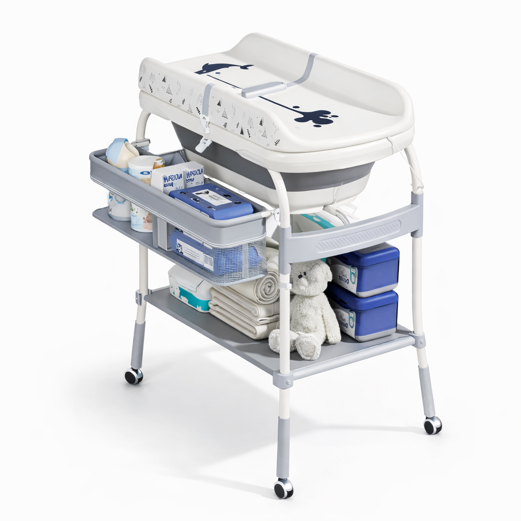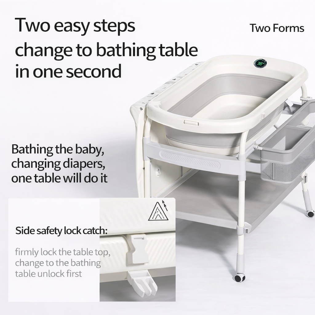 طاولة تغيير الملابس وحوض استحمام متعددة الوظائف
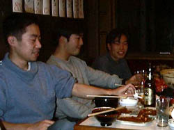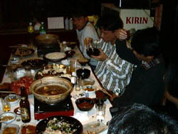 今回はちょっと豪華に、すき焼鍋形式の忘年会です。 肉は一人あたり400gもあるので、食い切れない。 しかも、なかなかみんな集まらないのです。 |
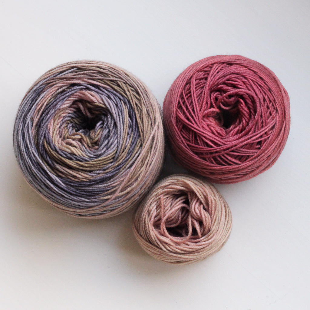 Shawl Yarn Specially dyed for top-down triangular shawls. Each stripe is the same width from beginning to end, with no ends to weave in. 100 g of fingering weight is enough for a small shawlette. 150 g gives a more generous size. If you want to maximize your yardage, choose our 4-Ply sock yarn.
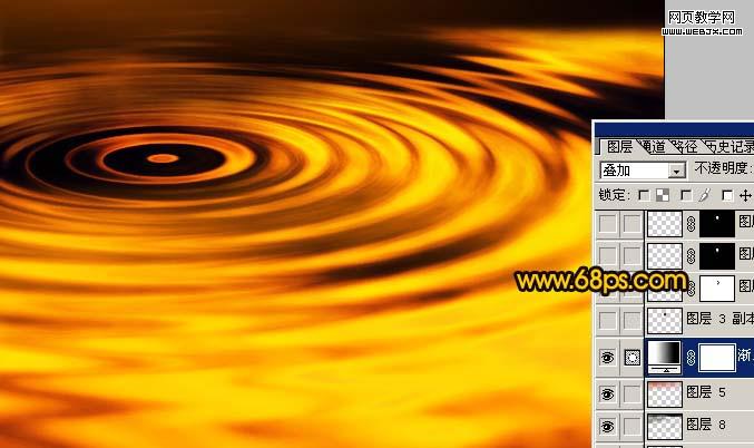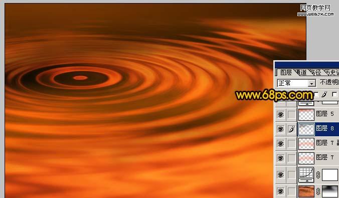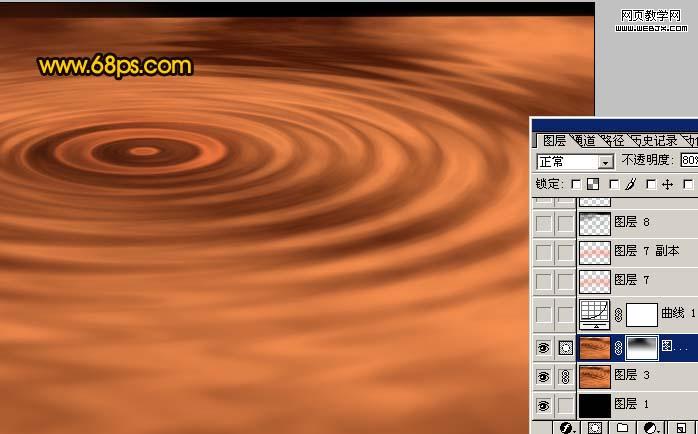 <圖7> 6、把做好的水波圖層復制一層,對副本執行:濾鏡 > 模糊 > 高斯模糊,數值為6,確定后加上圖層蒙版,用黑色畫筆把水波的中心位置擦出來,再把圖層不透明度改為:80%,效果如圖8。

______

For this step, transcribe all the material above exactly and drop the images.

◆ **WRITTEN ANSWER**
 طاولة تغيير الملابس وحوض استحمام متعددة الوظائف
 今回はちょっと豪華に、すき焼鍋形式の忘年会です。 肉は一人あたり400gもあるので、食い切れない。 しかも、なかなかみんな集まらないのです。 |
 Shawl Yarn Specially dyed for top-down triangular shawls. Each stripe is the same width from beginning to end, with no ends to weave in. 100 g of fingering weight is enough for a small shawlette. 150 g gives a more generous size. If you want to maximize your yardage, choose our 4-Ply sock yarn.
 <圖7> 6、把做好的水波圖層復制一層,對副本執行:濾鏡 > 模糊 > 高斯模糊,數值為6,確定后加上圖層蒙版,用黑色畫筆把水波的中心位置擦出來,再把圖層不透明度改為:80%,效果如圖8。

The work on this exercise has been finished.